Iran and Nigeria are also OPEC members.
I understand Indonesia is no longer an OPEC member.
Rais Yatim, Malaysia’s foreign minister and D-8 chairman, was quoted by the Financial Times on Monday 7 July 2008 as having said on Sunday 6 July 2008 that the D-8 wanted the UN to lead efforts to bring down fuel prices because oil producers, particularly OPEC members, “do not seem to see the logic that by producing more oil they would reduce the price”.
TRUTH
Spontaneous logic is the order that the human intellect follows
naturally in knowing reality.
For Thomas Aquinas, logic is the art that directs the reasoning
process
so that man may attain knowledge of the truth in an orderly way, with
ease, and without error.
Logic teaches us that one of the assumptions missing in Yatim’s reasoning is that other prices in the economic system exist and remain unchanged.
Moreover, for the law of supply and demand to operate in the oil
trade, the supply of oil must be exchanged through a medium of
exchange
for something the consumers of oil can offer to the suppliers, so
that
a price can be arrived at.
Supply and demand have to be meeting in a standard of value so that a
price can be arrived at.
Oil is not being bartered on this planet (except perhaps by
Venezuela).
Instead of barter, oil is being exchanged through trade.
The oil trade is being conducted with money,
money being a good that is readily accepted in a given geographical
area and that is sought for the purpose of being re-exchanged.
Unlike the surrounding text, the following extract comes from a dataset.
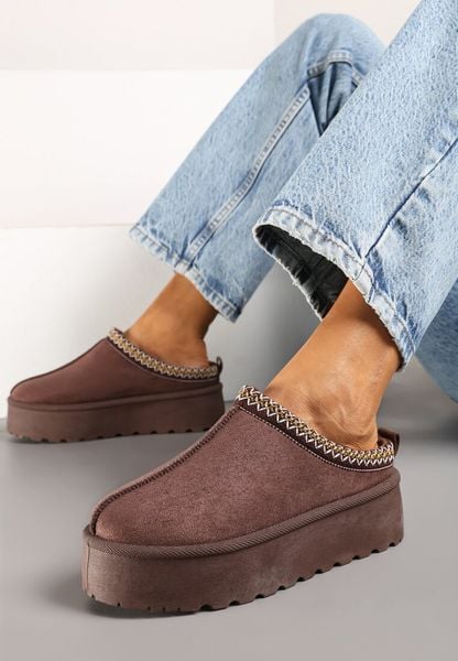 Brązowe Śniegowce z Ekozamszu na Platformie z Niską Cholewką z Ozdobnym Haftem Garvia

At present supply and demand of oil are meeting in the US dollar, a currency which the inhabitants of this planet, outside of the USA, are more and more unwilling to hold and which they are thus not seeking (for the purpose of being re-exchanged).
Indeed, since 15 August 1971, when USA president Richard Nixon
broke the Bretton Woods system, the US dollar has no value.
The dollar-regime is at present inflating the price of oil-wealth to
such an extent that price inflation in the D-8 is three times as high
as in the west.
Oil-speculators are therefore not interested in the possession of oil
as wealth, but only in concluding wagers over the oil price in order
to
tap its monetary surplus value.
Hence, untapped oil reserves have, for oil producers, the same wealth-consolidating function as gold.
That’s why after de-pegging from the US dollar, the GCC states should not re-peg their currencies against a basket of world currencies but should allow their currencies to freely float, with their oil and gold reserves also freely floating but in the background.
In the meantime, if the D-8, with its OPEC members, Iran and
Nigeria, really wants to bring down fuel prices, it should see the
logic that oil producers, particularly OPEC members, will only be
enticed to produce more oil if that which they receive in exchange
for
their oil-wealth has some value.
Why should they give their oil-wealth away for something which has no
value?
To repeat, since 15 August 1971, when USA president Richard Nixon
broke the Bretton Woods system, the US dollar has no value.
Oil should be priced in Honest Money NOW.